# Diet Plans for Overweight Wethers?



## lenallen (Mar 25, 2009)

My four wethers are 2-1/2 years old. I have let them get overweight. I was told they are boar/nubian mix.

They are in good hiking condition (so far). About 2-3 times per week they hike briskly uphill for 1-1/2 miles and a 500-ft elevation gain and do a 5-mile circuit including that, then come back happy and comfortable.

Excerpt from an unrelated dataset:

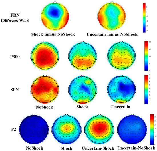 From the brain topography, it can be observed that the strongest activation points of both FRN and SPN components are located in the four midline fronto-central electrodes (FZ, FCZ, CZ, and CPZ) region. From the P300 topography, under the NoShock condition, a large central parietal region is active; in the Shock and Uncertain conditions, the activated areas are mainly located in the parieto-occipital region. The topography also shows that the most active sites for the P2 wave induced by both Shock and Uncertain-Shock are located at the top of the head (FCZ and CZ electrodes), with the P2 amplitude gradually weakening from the central top area towards the periphery.

But they are way past the back-of-the-hand rib test. Two of them seem to be so flat-back round that their (lightly loaded) saddles no longer fit well or stay in place while on trail.

In hindsight, I kept feeding winter servings of mostly alfalfa during last summer when they also got apparently plenty trailside forest browse. They each consume about a 4" length of a small hay bale each day. They each also get 1/2 cup grain each morning.

Here is a short video showing all four goats from various angles 




. I hate for a diet to deprive them of essential energy for sub-zero temps this winter (starting tonight).

If you can recommend any specific diet plans for winter that has worked for you, I sure would like to know.

Any suggestions please?

Thank you.
-Lee


----------



## sanhestar (Dec 10, 2008)

Lee,

they have so much fat inside that they won't suffer from lack of energy!

Just be careful not to cut their rations too much so that they have to metabolize too much fat reserves at once (can cause toxic reactions).

I would change from alfalfa to a simple grass hay (low energy) - this will have enoug roughage to keep the rumen working (and a working rumen is a good heater) and also try to do longer hikes, if your schedule allows this.


----------



## ali pearson (Aug 12, 2009)

Hi Lee-

I have a very chubby boer and an obese boer/LaMancha mix. It is so hard to deprive them, but I have to feed them only grass hay, and just a handful of dry COB a day. My other two goats are all dairy goat breeds, and don't seem to put the weight on so much. The boer did fine packing this summer because I work hard, like you do, to keep him in shape. The boer/LaMancha mix had some hoof problems, probably because he's so overweight. He's better now, and on a much stricter diet. I can tell already that keeping the other two dairy breed types in shape is going to be a lot easier than keeping the meat goat breeds in shape. 

I love your video-camera-on-a-stick. I have a question about your barn: what did you roof with so the goats can walk on it?

Good luck with the boys,
Ali


----------



## sweetgoatmama (Dec 10, 2008)

You can cut the grain out completely and just gie them good quality grass and browse. They don't need alfalfa either.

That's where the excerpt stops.